Хардести был разочарован; улыбка сошла с его лица.
– Ну, мистер Хардести, вы нам очень помогли. Огромное спасибо.
Бальзамировщик пожал плечами:
– Не за что.
Есть за что, подумал Тони. Вот именно что есть. Но черт побери, что же это все означает?
Из приемной они направились было в разные стороны, но, пройдя несколько шагов, Тони обернулся и окликнул:
– Мистер Хардести!
– Да?
– Можно один личный вопрос?
– Какой?
– Что побудило вас взяться за эту работу?

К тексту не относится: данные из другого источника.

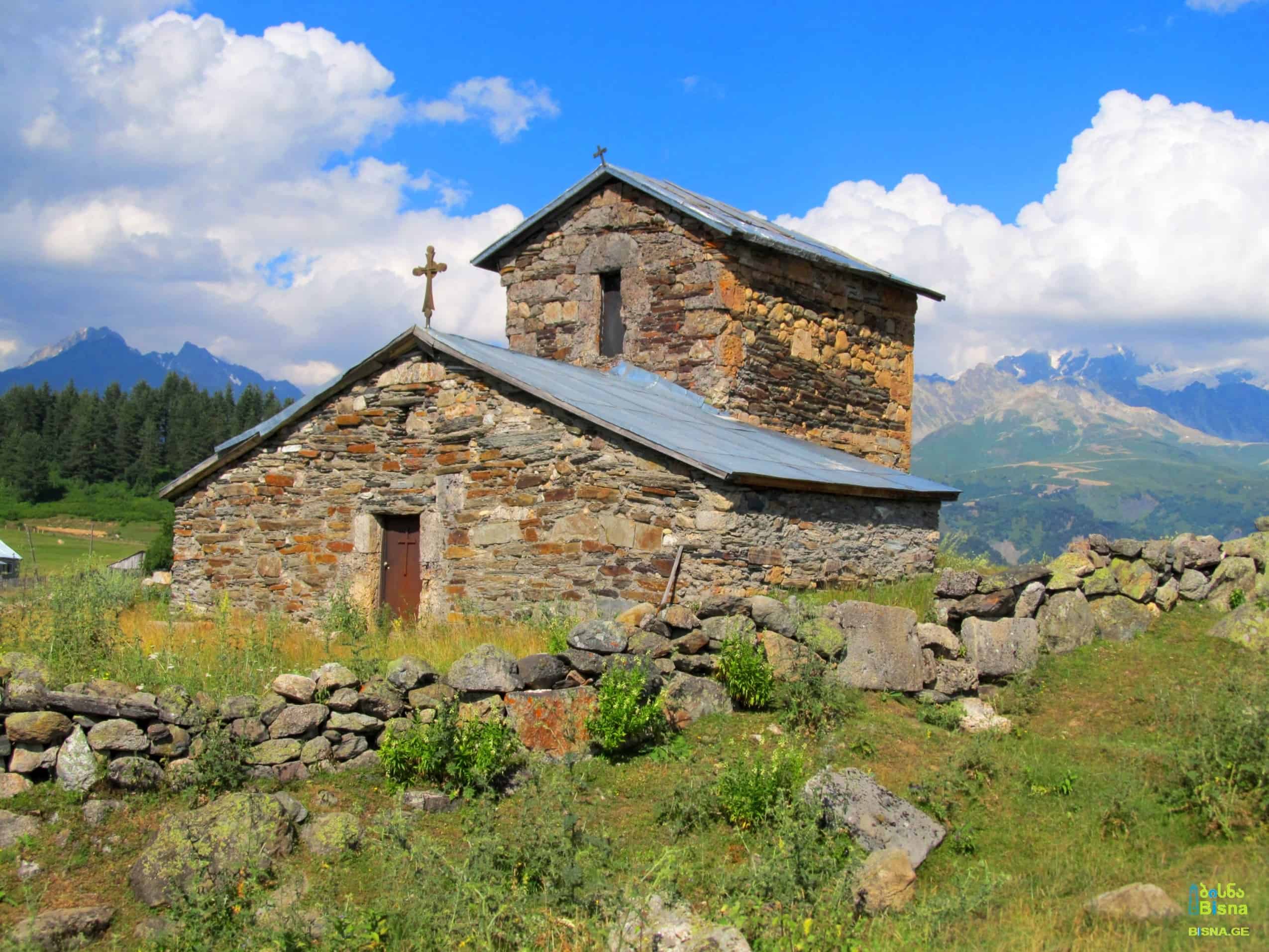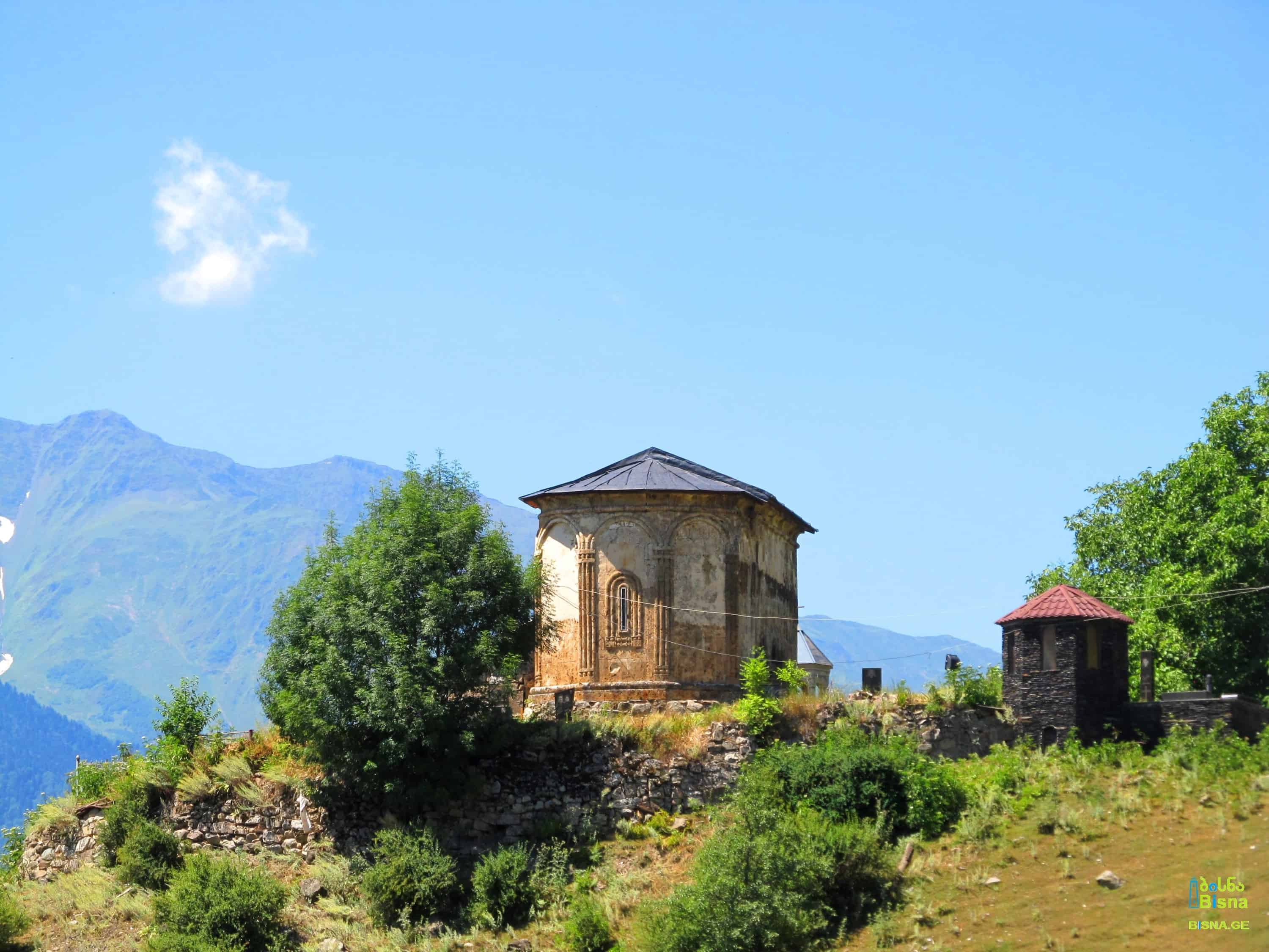 Embark on a several-kilometer ascent to discover this temple atop a range, offering breathtaking 360-degree views of Svaneti and the Caucasus Ranges, as well as the Enguri Valley. Accessible via a steep path beginning from Latali Temi and traversing heavily forested slopes.
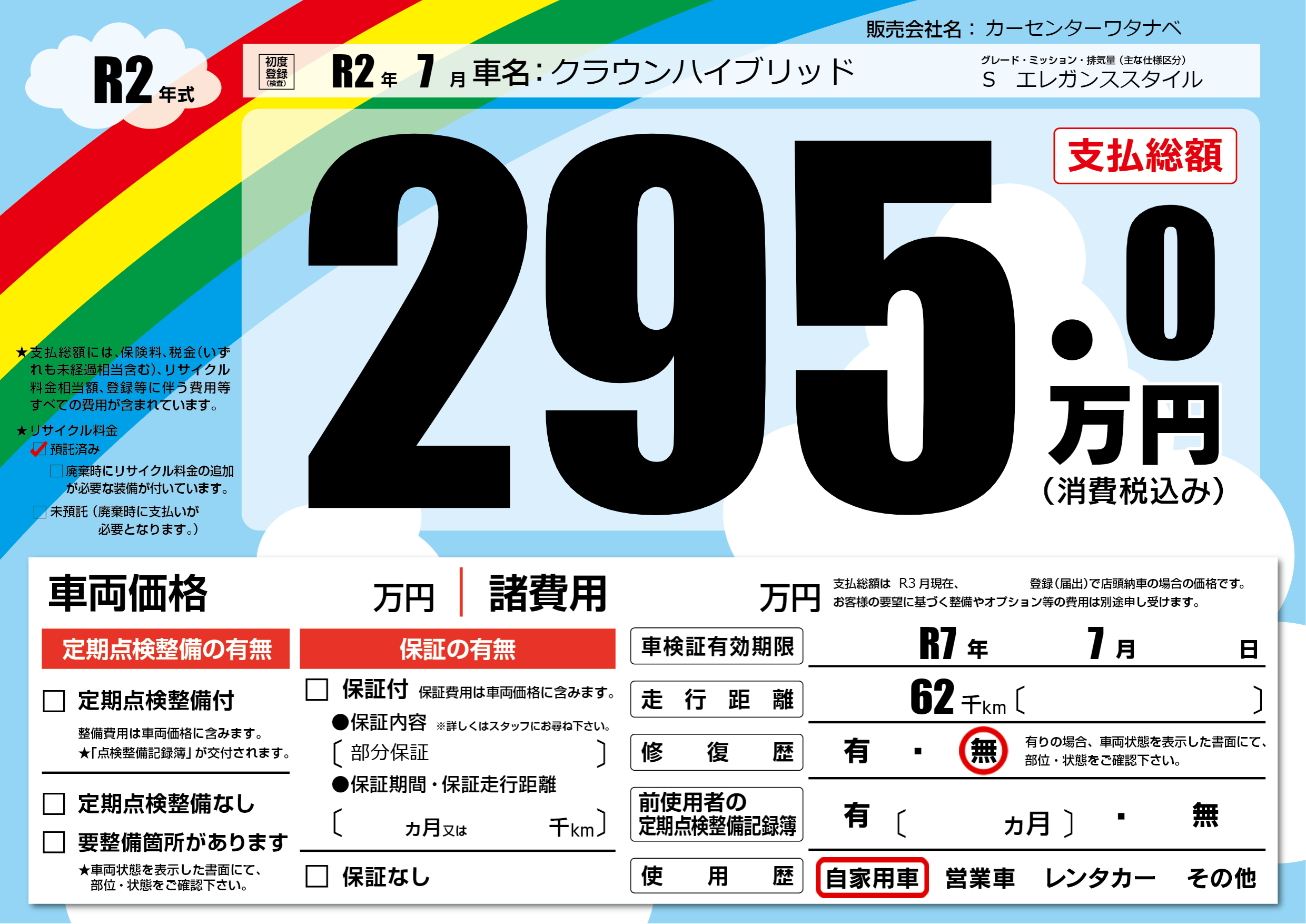 | 車検制限 | R7年 7月 - 日 | ||

– Мой любимый дядя был владельцем похоронного бюро.
– Понимаю.
– Он был замечательным человеком. Особенно с детьми. Он просто обожал детей. Я мечтал стать похожим на него, – признался Хардести. – У меня всегда было такое ощущение, будто дядя Алекс знает какой-то страшно важный секрет. Он часто показывал нам, детям, фокусы, но, конечно, не в этом дело. Я думал, что он занят чем-то очень таинственным, очень интересным и эта работа дает ему некое знание, которого нет у других.
– Вы разгадали секрет?
– Да, – ответил Хардести. – Думается, что да.
– Можете открыть его мне?
– Разумеется. Дядя Алекс понимал, как и я теперь понимаю, что с мертвыми нужно обращаться так же бережно, как и с живыми. Их нельзя похоронить и выбросить из головы. Их уроки навсегда остаются с нами. Сделанное ими при жизни продолжает поддерживать и влияет на нас после их смерти. Благодаря их любви мы любим и влияем на других людей – тех, что останутся жить, когда мы уйдем. Таким образом, человек никогда не умирает по-настоящему. Жизнь продолжается. Секрет дяди Алекса в двух словах можно выразить так: «мертвые тоже люди».
Тони с минуту смотрел на него, не зная, что сказать. И вдруг сам собой пришел вопрос:
– Вы верующий, мистер Хардести?
– В начале своей работы здесь я не верил в бога. А вот теперь верю. Да, я определенно верующий.
Когда Тони сел за руль своего джипа и захлопнул дверцу со стороны водителя, Хилари спросила:
– Ну, что? Он бальзамировал Фрая?
– Хуже.
– Что может быть хуже?
– Тебе лучше не знать.
Он посвятил ее в историю с телефонным звонком человека, назвавшегося Бруно Фраем.
– Ах, – вырвалось у Хилари. – Забудь то, что я говорила о массовой шизофрении. Вот доказательство!
– Доказательство чего? Что Фрай жив? Этого не может быть. В дополнение ко всем прочим вещам, о которых мне противно упоминать, его набальзамировали. Какая уж тут кома, если все вены и артерии забиты бальзамирующей жидкостью?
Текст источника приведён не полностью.